Given the quantity and complexity of the information generally collected by individual established studies and the heterogeneity of their designs and procedures, it is essential to have access to effective methods and tools to formally explore the potential to generate high-quality synthesized databases. Such tools need to provide comprehensive information on: (i) the specific variables that could be shared; (ii) the studies that could participate in targeted analysis; and (iii) the factors that could influence the potential to integrate information. The DataSchema and Harmonization Platform for Epidemiological Research (DataSHaPER; www.datashaper.org) may be used to provides such information.7 It includes two primary components. The DataSchema8 documents and annotates sets of core variables, which each provides a concise but effective list of information to be harmonized in a specific scientific context. The Harmonization Platform then provides a template for the formal estimation of the potential to synthesize information across networks of studies. In collaboration with other Public Population Project in Genomics (P3G) partner teams9–12 and projects,13,14 developments are currently ongoing to build a suite of tools supporting all steps of individual data harmonization, synthesis and analysis.
The current article evaluates the value of the DataSHaPER as a foundation for retrospective harmonization. It focuses on the Generic DataSchema that is composed of variables aimed at supporting the construction of general purpose baseline questionnaires and physical measures for use in large population-based studies enrolling adult participants.7 The specific aim of the article is to investigate and quantify the potential for harmonizing variables that make up the Generic DataSchema questionnaires and physical measures modules7 across more than 50 of the world’s largest population-based studies. The article also investigates factors that might influence the potential for harmonization, particularly the basic study design and nature of individual variables, as well as evaluating the utility of the Generic DataSchema as a platform for harmonization of existing databases. The article will help guide future development of the DataSHaPER project.

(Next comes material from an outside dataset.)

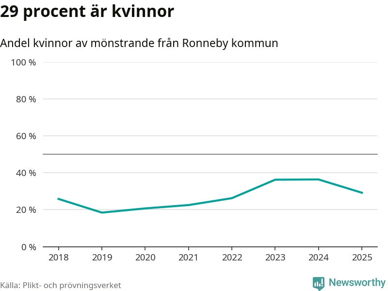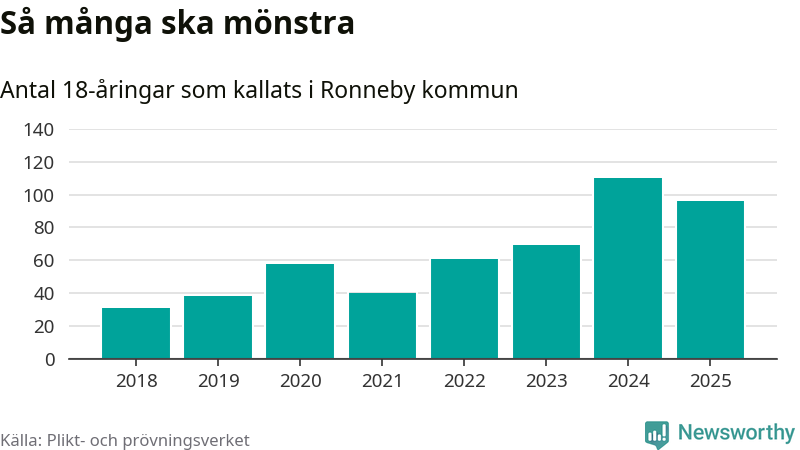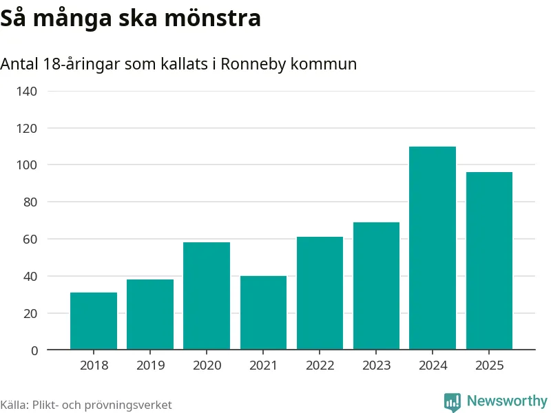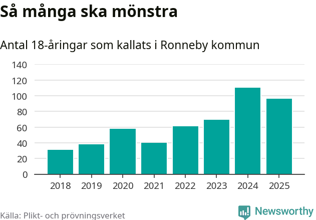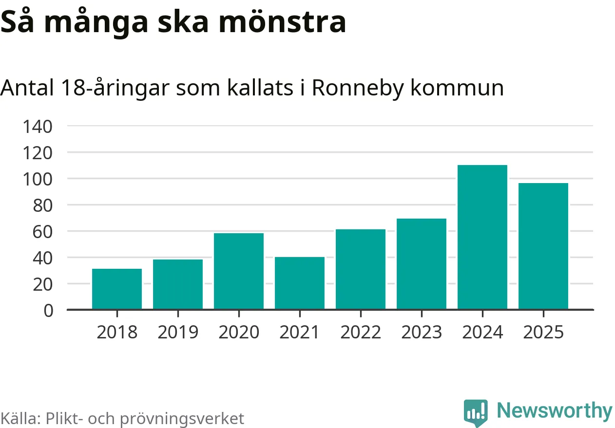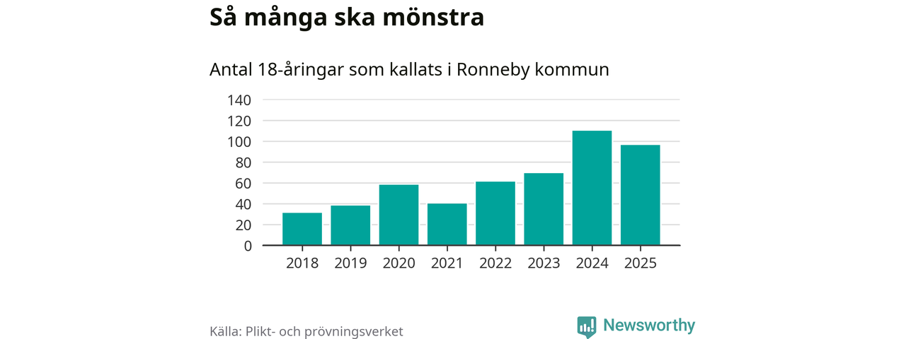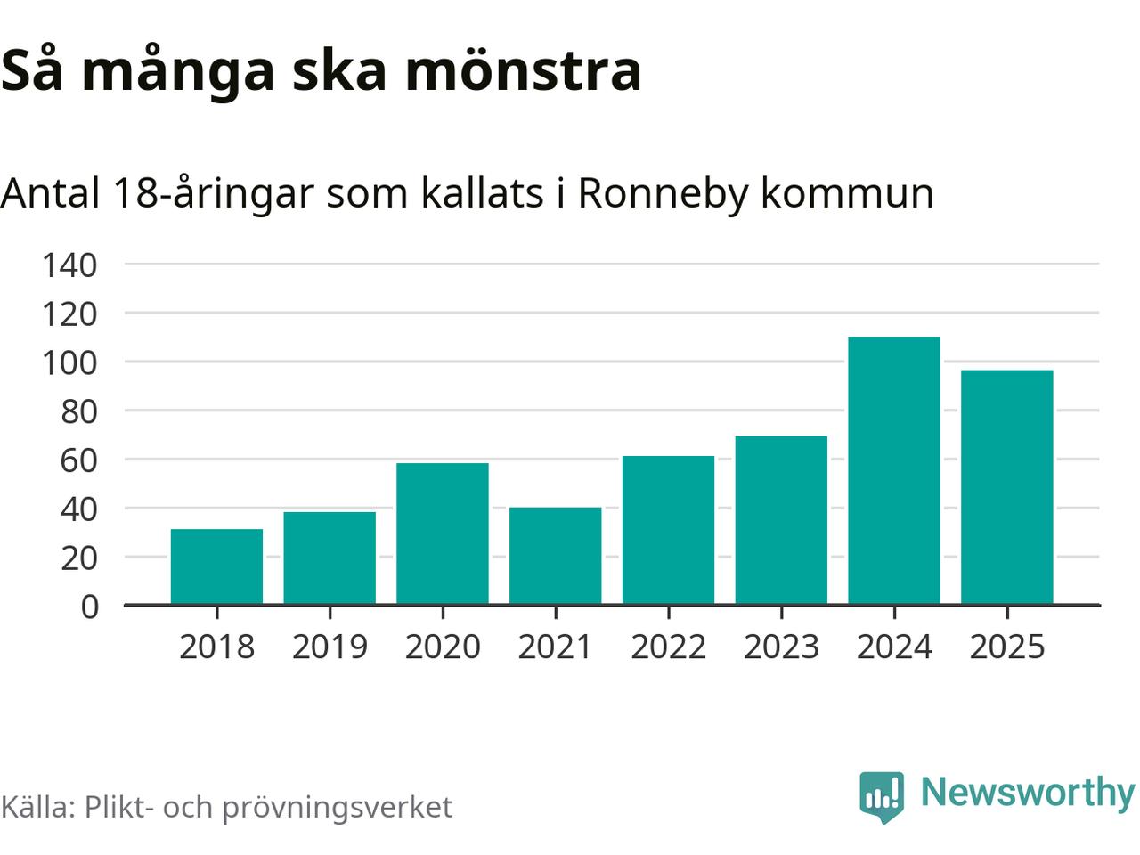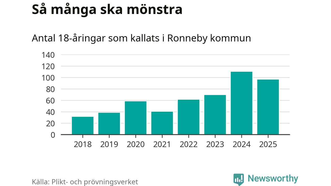 Nu kallas omkring 28 200 svenskar födda 2007 till mönstring. Och 96 av dem kommer från Ronneby, enligt ny statistik från Plikt- och prövningsverket. Det innebär att mer än var fjärde invånare i åldersgruppen i kommunen kallas till mönstring. Det är ungefär lika stor andel som i Blekinge totalt. I riket som helhet kallas nästan var fjärde person i årskullen.

Development of the Generic DataSchema has been centred on a series of international consensus workshops bringing together experts from more than 25 studies and 14 countries. Its construction was based upon iterative review and consensus methodologies15,16 aimed at synthesizing knowledge and input from practitioners and researchers with a variety of professional expertise. The primary objective was to generate a select list of core variables that would provide a valuable contribution to the baseline interviews of population-based studies enrolling adult participants and provide a basis for harmonization. Agreed selection criteria were defined and used, first, to select broad domains and, then, specific variables.7 Where possible, variables were chosen and defined so as to be compatible with widely used international classification systems or standards.17–19 Over a 3-year period, iterative rounds of discussion and comment contributed to gradual refinement of the Generic DataSchema. In particular, a number of cohorts provided critical feedback based on their own use of early versions of the DataSchema as a foundation for questionnaire development. These included Lifelines20 (The Netherlands), LifeGene21 (Sweden), the five cohorts in the Canadian Partnership for Tomorrow Project14 and the Canadian Longitudinal Study on Aging.22 The Generic DataSchema remains a dynamically evolving tool that is improving incrementally over time based on users’ feedback and increasing scientific knowledge.7
The ontology of the Generic DataSchema has a hierarchical structure in which the selected variables (the fundamental units of a statistical analysis, such as: lifetime occurrence of cancer; highest level of education; diastolic blood pressure) are grouped under domains (e.g. individual history of cancer, education level, blood pressure) that are themselves distributed across themes (e.g. individual history of disease, socio-economic status, body function measures) and modules (health and risk factor questionnaire, physical and cognitive measures and interview administration).7 Only the health and risk factor questionnaire and the physical and cognitive measures modules were considered for harmonization. Basic interview administration information (e.g. date of birth, date of interview, sex, language and location of interview) was collected by participating studies but not necessarily through collection modes targeted by the current exercise. Hence, even though all studies could share constructs derived from these data (such as age), this module was excluded from the current harmonization exercise. Within the physical and cognitive measures module, contraindications to having a particular measurement were also excluded from the harmonization process, since we did not have access to consistent information on the specific contraindications targeted by studies.
Selected variable characteristics that might influence the potential for data synthesis were documented. These include: (i) its importance for broad-based research projects as perceived by expert consensus (essential, important, useful information), (ii) the individual targeted by the variable (the participant himself/herself, the participant’s family members) and (iii) the period of the participant’s life to which the variable refers (current status at assessment, all other periods). Classification of the perceived ‘importance of variables’ was based on their relevance to be part of a generic set of information useful for a broad range of research questions. Since this classification was subjective, it was undertaken by two separate experts followed by comparison, and final confirmation by a panel. As an illustrative example, the following variables were classified as: ‘essential’: occurrence of cancer (participant); ‘important’: occurrence of cancer in the family; ‘useful’: occurrence of cancer in siblings.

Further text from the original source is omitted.